- **WHAT IS BEING ASKED**
Print exactly the line that contains "うちのたぬき(AI)による競" along with every line beneath it to the end of the records below, and omit pictures.

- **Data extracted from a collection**
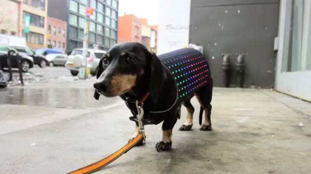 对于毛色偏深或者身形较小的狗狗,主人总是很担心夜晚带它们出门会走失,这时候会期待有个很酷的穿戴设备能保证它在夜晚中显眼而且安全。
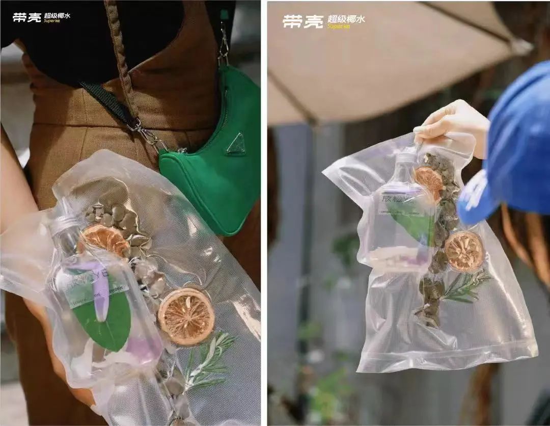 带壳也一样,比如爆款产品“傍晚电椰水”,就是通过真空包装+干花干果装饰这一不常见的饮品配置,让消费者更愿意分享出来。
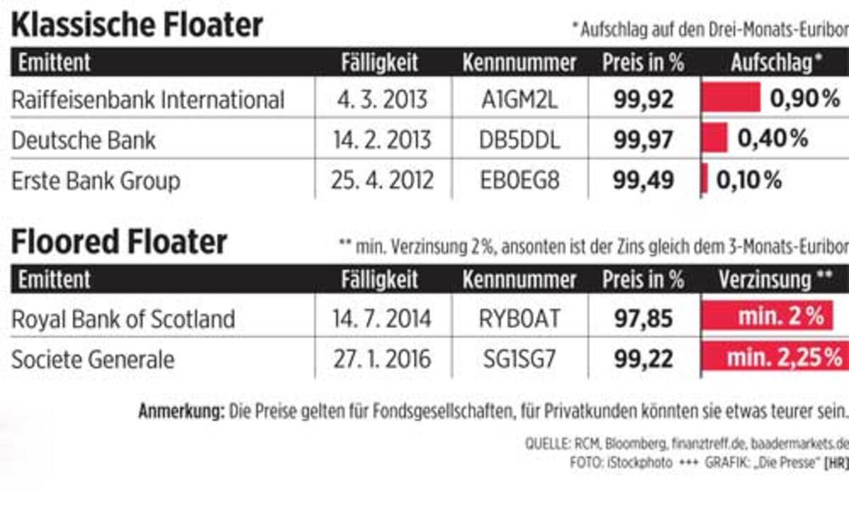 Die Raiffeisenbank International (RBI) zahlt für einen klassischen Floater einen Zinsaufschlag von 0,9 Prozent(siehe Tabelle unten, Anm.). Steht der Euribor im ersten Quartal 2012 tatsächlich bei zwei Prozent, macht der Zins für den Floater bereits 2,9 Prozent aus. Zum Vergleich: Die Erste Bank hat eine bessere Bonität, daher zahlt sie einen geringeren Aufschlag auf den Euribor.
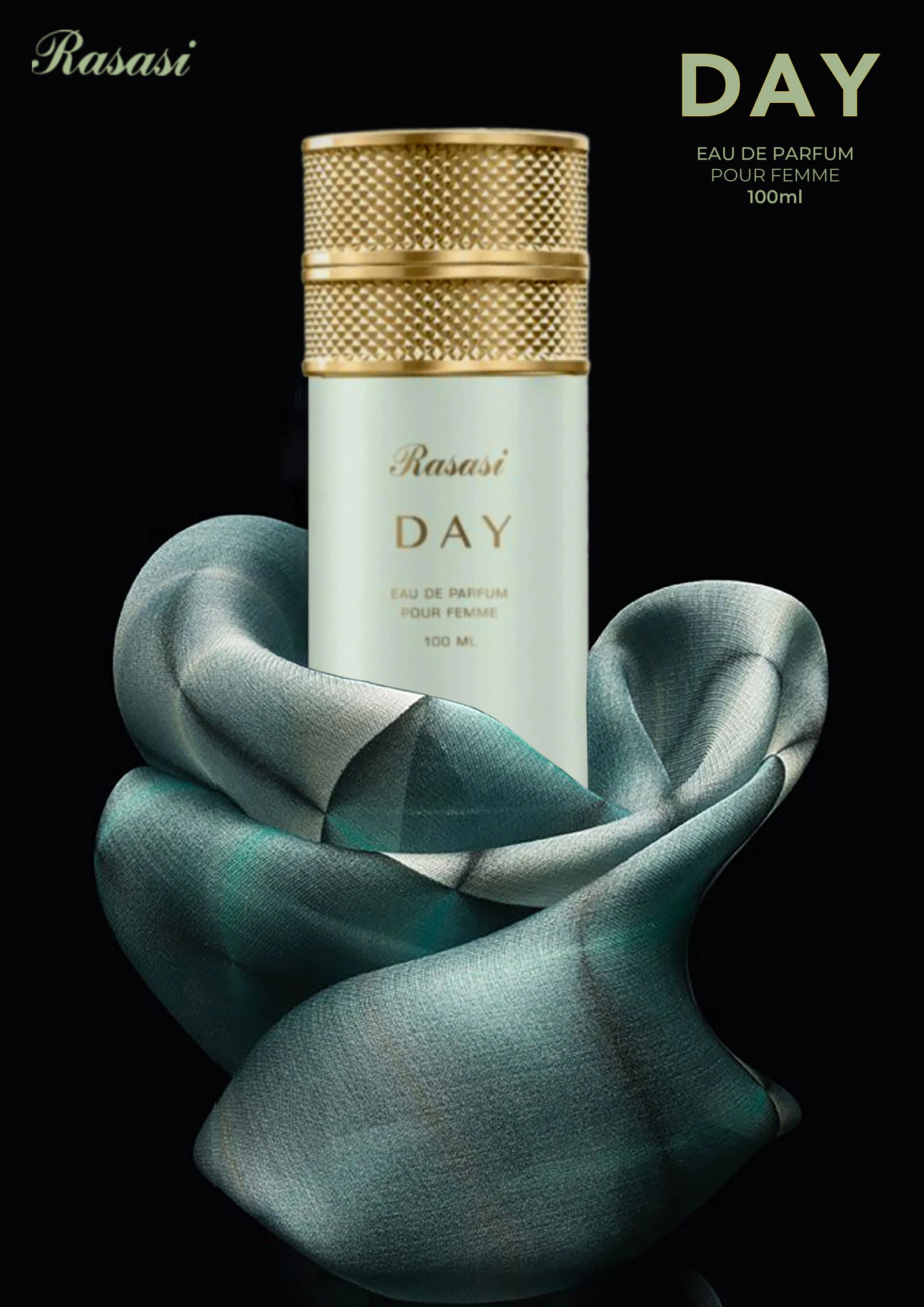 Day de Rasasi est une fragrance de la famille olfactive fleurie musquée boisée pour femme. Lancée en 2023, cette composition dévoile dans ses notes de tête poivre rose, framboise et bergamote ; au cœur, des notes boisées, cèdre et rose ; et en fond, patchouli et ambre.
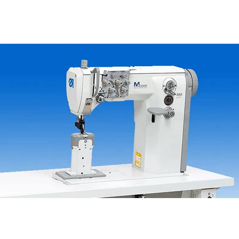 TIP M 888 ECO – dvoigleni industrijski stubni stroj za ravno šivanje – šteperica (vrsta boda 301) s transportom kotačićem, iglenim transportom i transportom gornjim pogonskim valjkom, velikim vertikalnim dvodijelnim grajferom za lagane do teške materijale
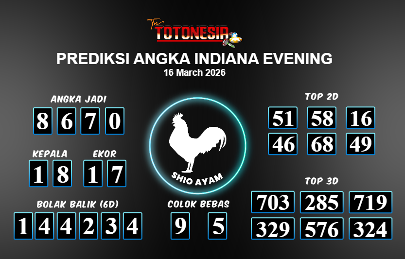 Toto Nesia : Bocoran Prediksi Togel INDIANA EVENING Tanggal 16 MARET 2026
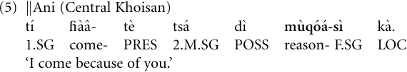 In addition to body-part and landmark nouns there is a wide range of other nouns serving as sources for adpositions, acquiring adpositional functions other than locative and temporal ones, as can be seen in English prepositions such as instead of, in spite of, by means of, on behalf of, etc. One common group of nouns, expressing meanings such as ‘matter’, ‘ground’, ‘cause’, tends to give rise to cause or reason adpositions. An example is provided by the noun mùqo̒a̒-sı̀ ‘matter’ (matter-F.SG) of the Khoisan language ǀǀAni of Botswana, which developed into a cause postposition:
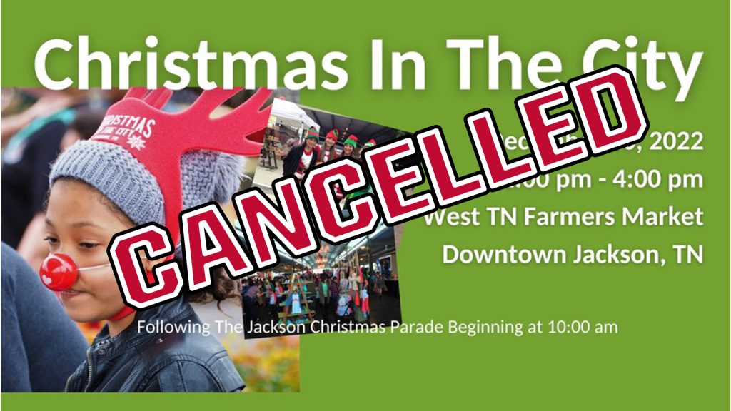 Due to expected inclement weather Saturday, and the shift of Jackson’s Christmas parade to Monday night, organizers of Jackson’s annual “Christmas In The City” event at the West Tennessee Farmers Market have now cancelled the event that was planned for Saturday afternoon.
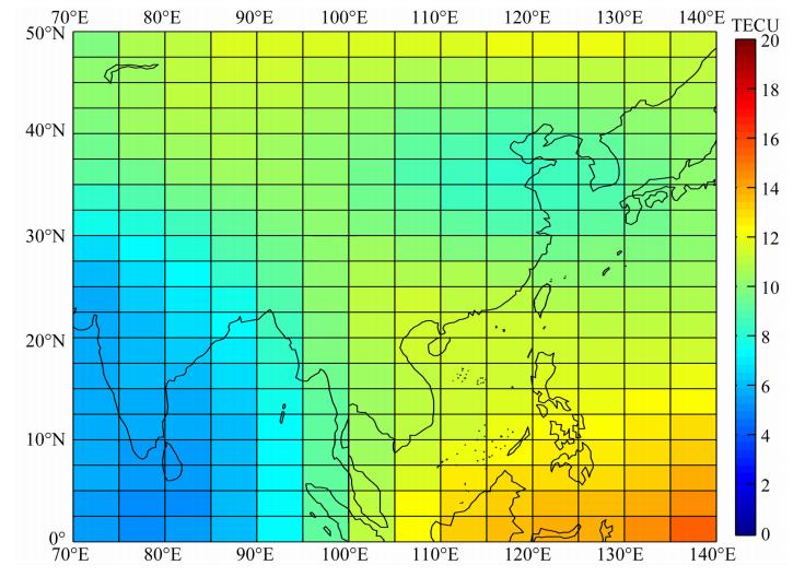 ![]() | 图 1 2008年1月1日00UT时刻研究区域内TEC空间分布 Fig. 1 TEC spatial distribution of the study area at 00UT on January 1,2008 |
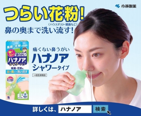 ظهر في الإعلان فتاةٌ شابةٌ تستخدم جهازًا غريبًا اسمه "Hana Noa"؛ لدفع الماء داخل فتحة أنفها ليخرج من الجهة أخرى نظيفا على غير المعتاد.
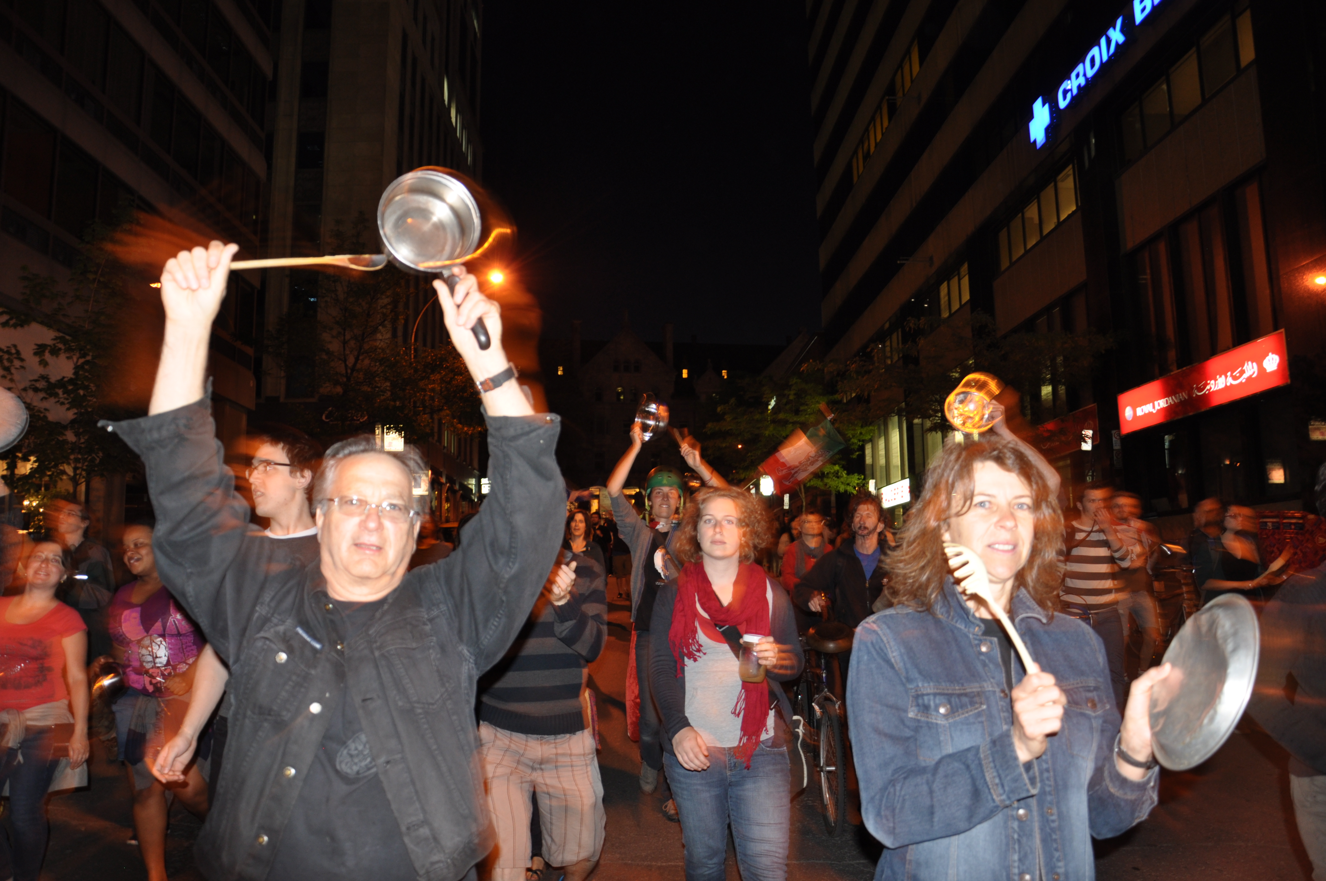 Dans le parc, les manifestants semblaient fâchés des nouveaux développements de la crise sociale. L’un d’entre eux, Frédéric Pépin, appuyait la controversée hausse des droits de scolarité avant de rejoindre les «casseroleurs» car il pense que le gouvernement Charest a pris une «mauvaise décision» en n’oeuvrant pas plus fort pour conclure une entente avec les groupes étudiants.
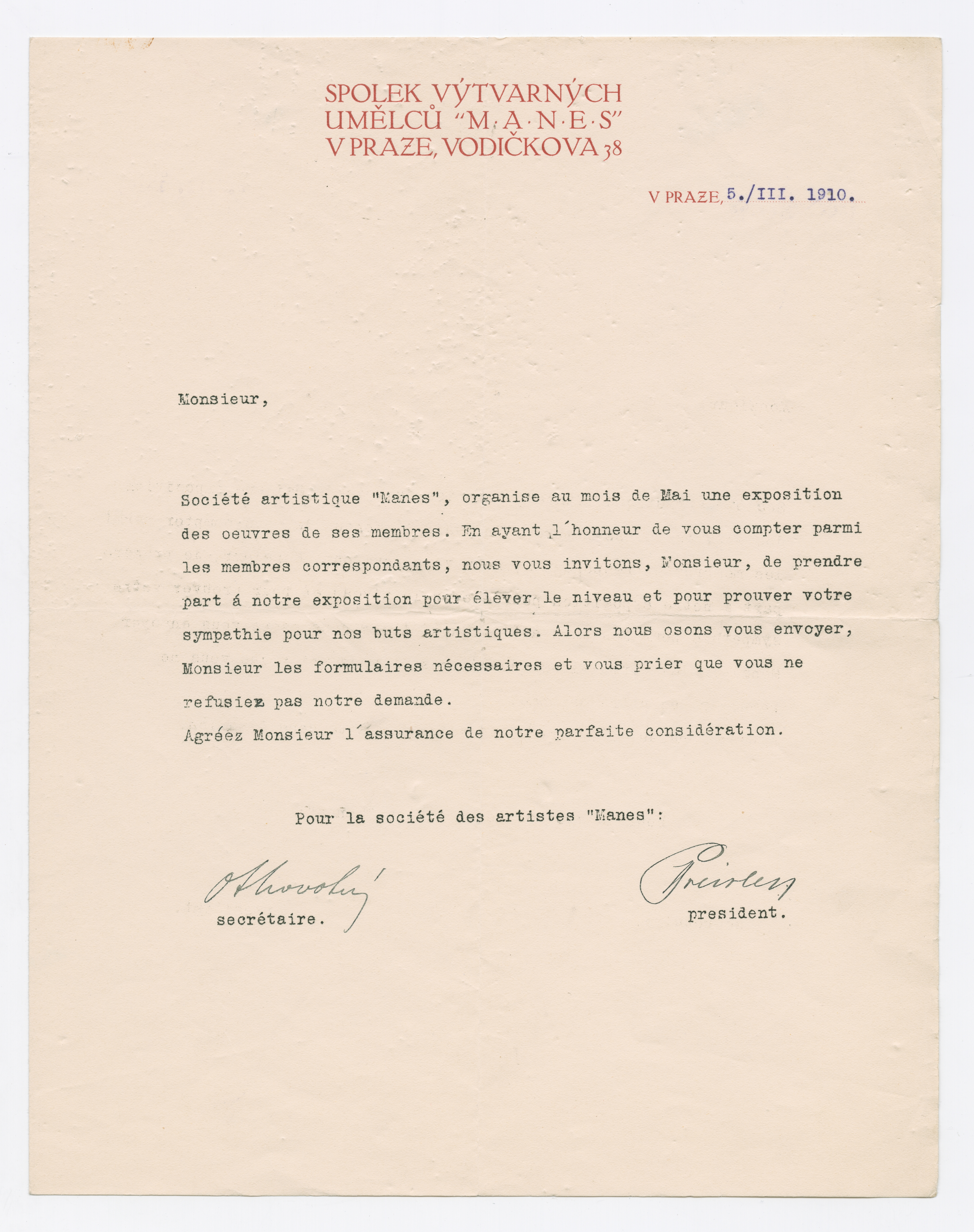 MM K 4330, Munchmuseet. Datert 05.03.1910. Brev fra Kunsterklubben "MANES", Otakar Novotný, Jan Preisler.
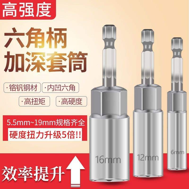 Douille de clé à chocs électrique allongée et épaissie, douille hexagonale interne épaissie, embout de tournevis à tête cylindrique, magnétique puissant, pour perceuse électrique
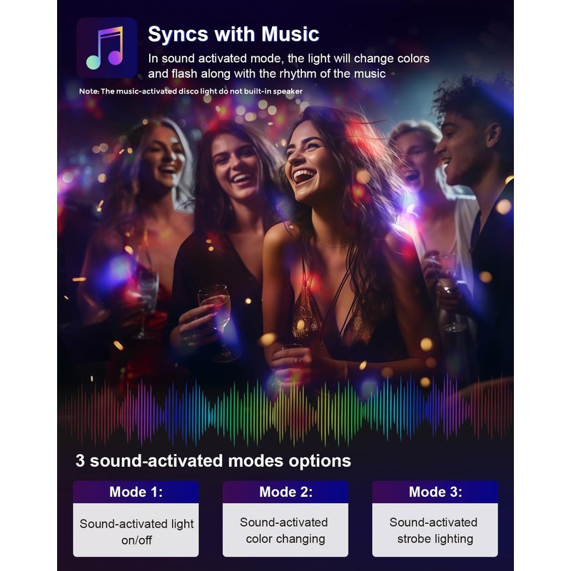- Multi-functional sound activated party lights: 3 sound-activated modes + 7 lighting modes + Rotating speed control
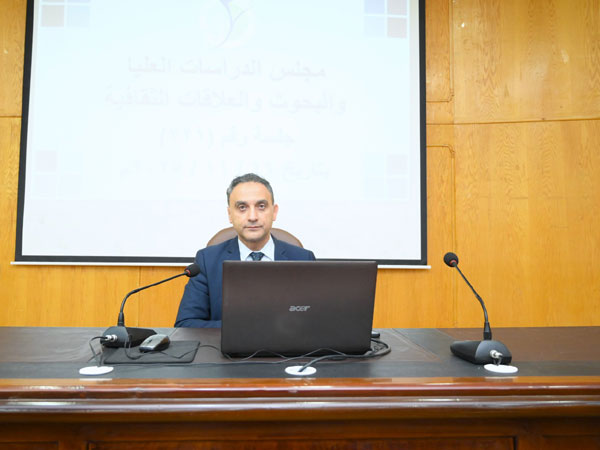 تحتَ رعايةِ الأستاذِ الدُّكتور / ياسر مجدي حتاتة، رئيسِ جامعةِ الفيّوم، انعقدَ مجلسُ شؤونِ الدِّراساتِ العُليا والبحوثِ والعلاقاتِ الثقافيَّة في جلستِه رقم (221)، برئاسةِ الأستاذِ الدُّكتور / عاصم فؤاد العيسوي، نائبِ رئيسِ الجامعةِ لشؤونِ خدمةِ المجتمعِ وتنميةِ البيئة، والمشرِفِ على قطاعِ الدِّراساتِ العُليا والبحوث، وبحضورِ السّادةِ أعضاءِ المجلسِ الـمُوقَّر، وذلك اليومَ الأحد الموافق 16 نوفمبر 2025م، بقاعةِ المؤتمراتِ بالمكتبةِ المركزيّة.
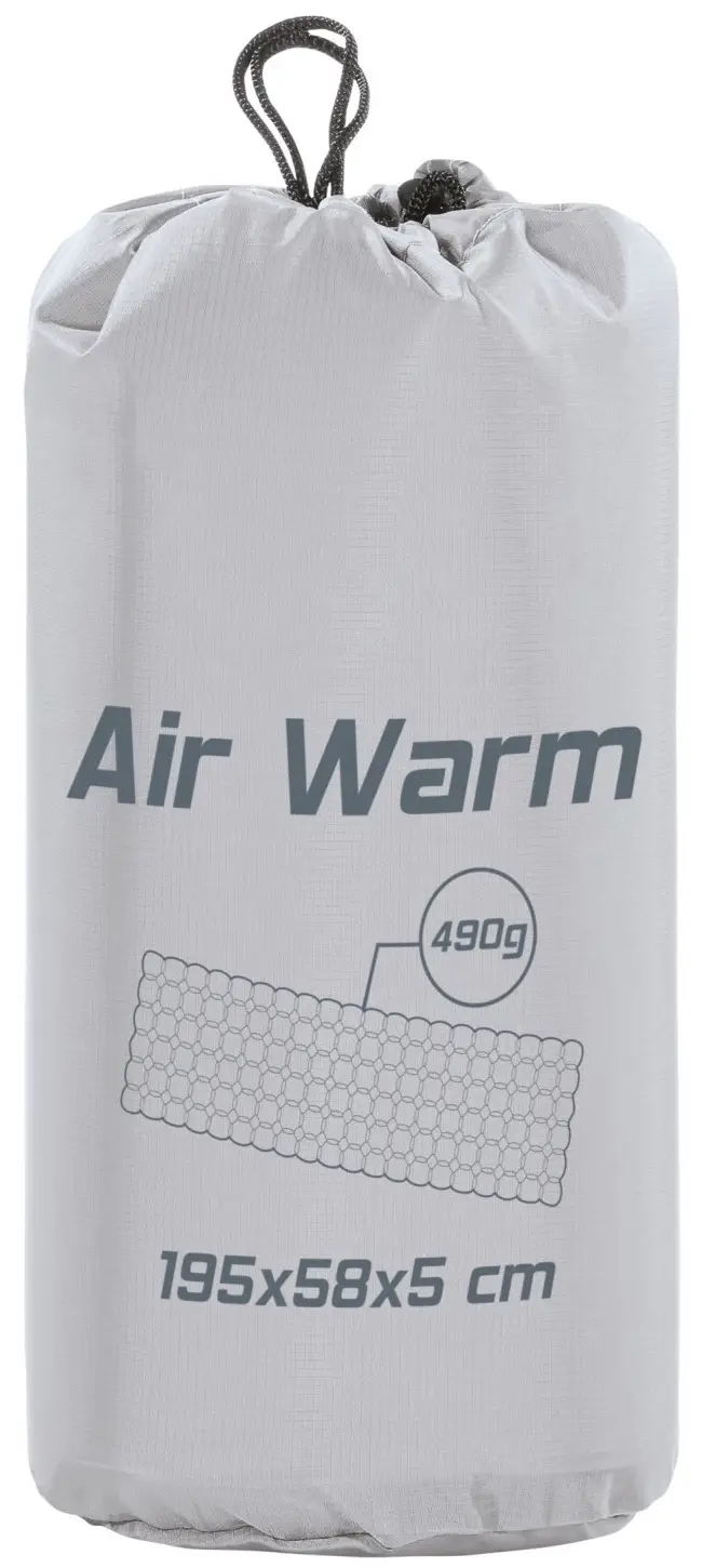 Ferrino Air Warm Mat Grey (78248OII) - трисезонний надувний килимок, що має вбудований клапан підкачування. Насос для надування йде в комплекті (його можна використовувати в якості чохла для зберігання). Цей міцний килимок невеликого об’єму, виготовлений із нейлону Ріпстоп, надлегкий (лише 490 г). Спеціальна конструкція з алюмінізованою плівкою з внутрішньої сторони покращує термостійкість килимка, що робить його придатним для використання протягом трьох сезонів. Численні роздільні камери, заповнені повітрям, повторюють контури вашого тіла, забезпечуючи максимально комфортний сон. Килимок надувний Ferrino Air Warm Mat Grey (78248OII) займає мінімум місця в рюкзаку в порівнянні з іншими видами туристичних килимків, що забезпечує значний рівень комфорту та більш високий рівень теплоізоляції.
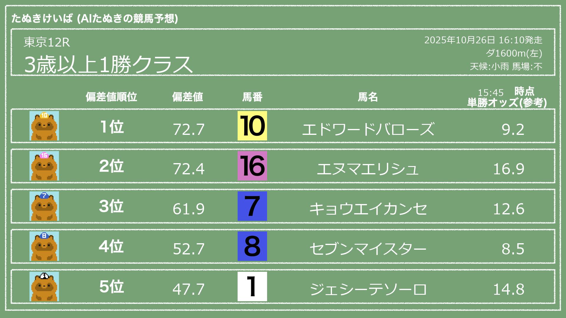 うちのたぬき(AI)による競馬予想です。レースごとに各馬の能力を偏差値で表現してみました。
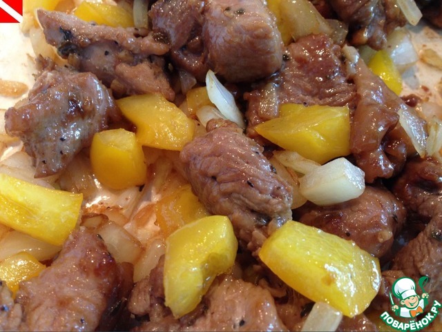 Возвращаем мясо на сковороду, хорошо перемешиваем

- **SOLVED PROBLEM**
 うちのたぬき(AI)による競馬予想です。レースごとに各馬の能力を偏差値で表現してみました。
 Возвращаем мясо на сковороду, хорошо перемешиваем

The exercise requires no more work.